Judge Millett: I am talking about the process for the government to avoid injury…. If you … feel like you don’t have to answer, you can refuse to answer [and then appeal].
Wall: I think the process itself is harmful and … not permissible because you are extending the criminal process, you are asking the executive to expose its deliberative process, you are threatening to reveal sensitive information—
Judge Millett: Asking. Wait, wait, wait—No one is threatening to reveal. You have complete control over that. We are asking the government to reveal something that the government considers to be privileged—and maybe the district court is wrong as rain. But the district court thinks it is an open question. That’s mandamusable every time a question like that is asked? In every district court across this country? That’s mandamusable?
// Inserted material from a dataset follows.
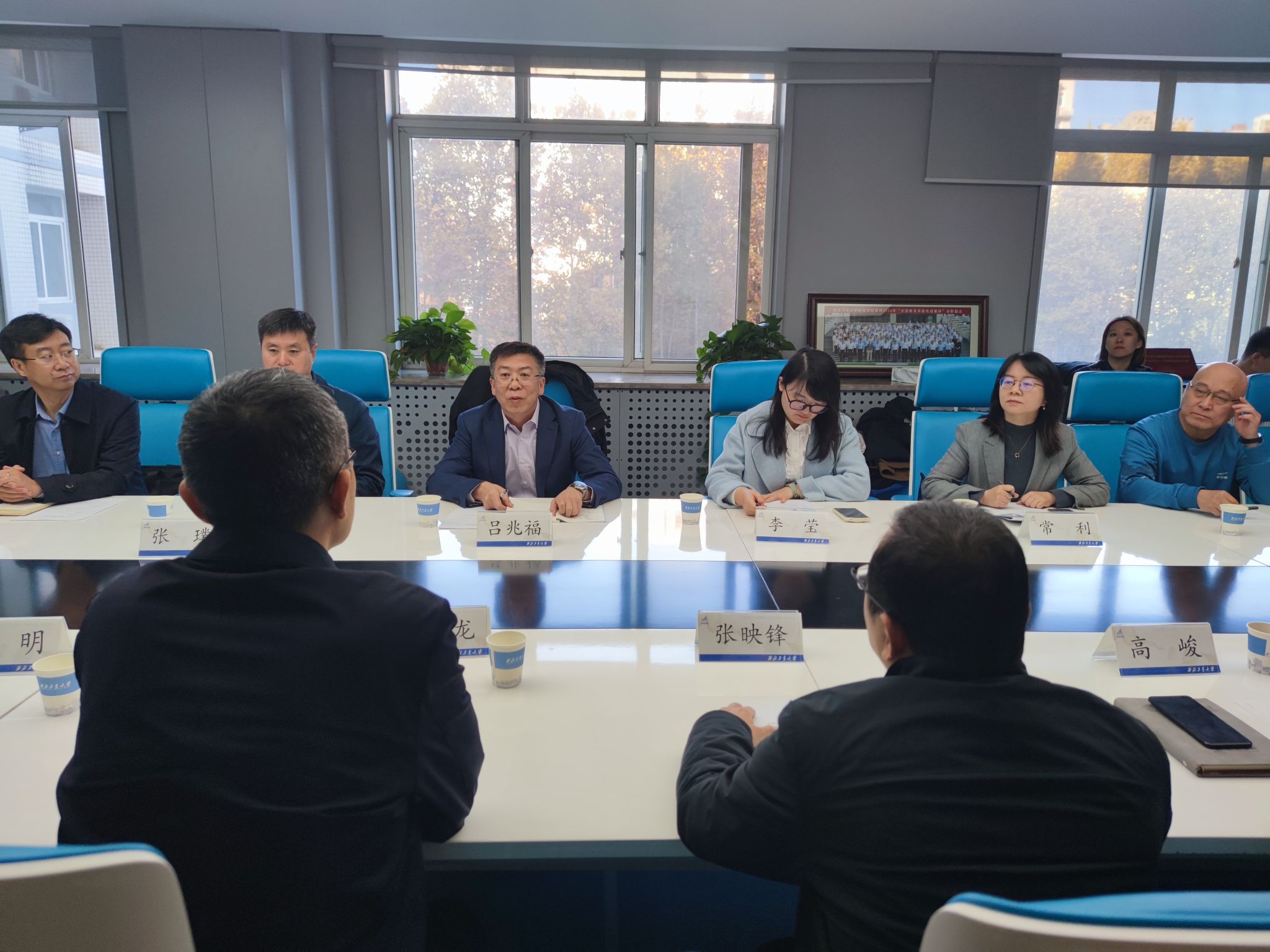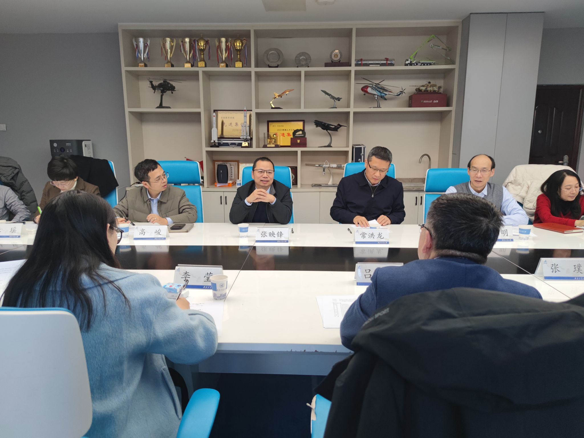 院长常洪龙、党委书记张映峰、副院长罗明、党委副书记高峻,材料学院副院长罗皎,网络空间安全学院党委副书记杜瑶,以及多位国家级青年人才教师共同参加了本次交流活动。

I want to make clear that it pains me even to type the word “mandamusable,” but that’s the word she used. Wall answers “no,” but as you can see, “no” means “yes”:
Wall: No, Judge Millett. When a district court in this circuit begins to probe in that way with respect to … a rule 48 motion, it is mandamusable … and the reason, and I may not persuade you, but the reason is that the harm from usurping a constitutionally invested power in another branch is–
Judge Millett: Your position is …. Just asking the question is a constitutional violation, just so we understand?
Wall: Yes.
Saying this surprised her, Judge Millett offered one more version of the hypothetical. This time, the defendant hands the money to the prosecutor in court, right in front of the judge, and the prosecutor then stands up and moves to dismiss, claiming—despite previous assurances and what the judge has just seen—that DOJ is dismissing because it has learned it didn’t turn over exculpatory evidence, as the Brady case requires:
Judge Millett: Just to be clear, … this is a hypothetical case. You have a criminal case and the district court has a standard order on Brady disclosures. The district court before trial goes, “I want to make sure you have done everything, you have given them everything you have, you have asked everyone who would know or have information,” and the government says “yes, yes, yes. There is nothing else…. We have given the defendant everything…. [E]verything has been disclosed. Absolutely, your honor.” So the first day of trial, in the presence of the court, the defendant’s attorney hands the prosecutor a briefcase overflowing with $20 bills. It is handed to the prosecutor who is the U.S. Attorney and the Attorney General is standing right there next to her. And the government, upon receipt of that briefcase, submits … a Rule 48 motion to dismiss, [saying] there was a Brady violation in this case. In the presence of the district court, money has exchanged hands. Previous presentations about Brady are now being undermined. And your position … is that the district court has no choice but to grant that motion to dismiss. And that would be true even if it is unclear whether the district court could prosecute [anyone for] criminal contempt … after a case is dismissed.
Wall: Yes.
Emphasis added.
This idea that the executive branch has vast if not absolute authority, and that it must in order to do its job, has been percolating for a while now. One of its biggest proponents is John Yoo, who once wrote a memo saying the executive branch could torture people and yet seems surprised that the current executive is completely out of control. The Democrats were more squeamish about torture, but didn’t do much to rein in the executive branch when they controlled it, as evidenced by (for example) that time President Obama dropped a bomb on a U.S. citizen. I guess in view of stuff like that, it shouldn’t be too shocking that the executive branch is saying it could accept bribes in full view of the judiciary and the only remedy is to ask it to police itself. And yet it still kind of is.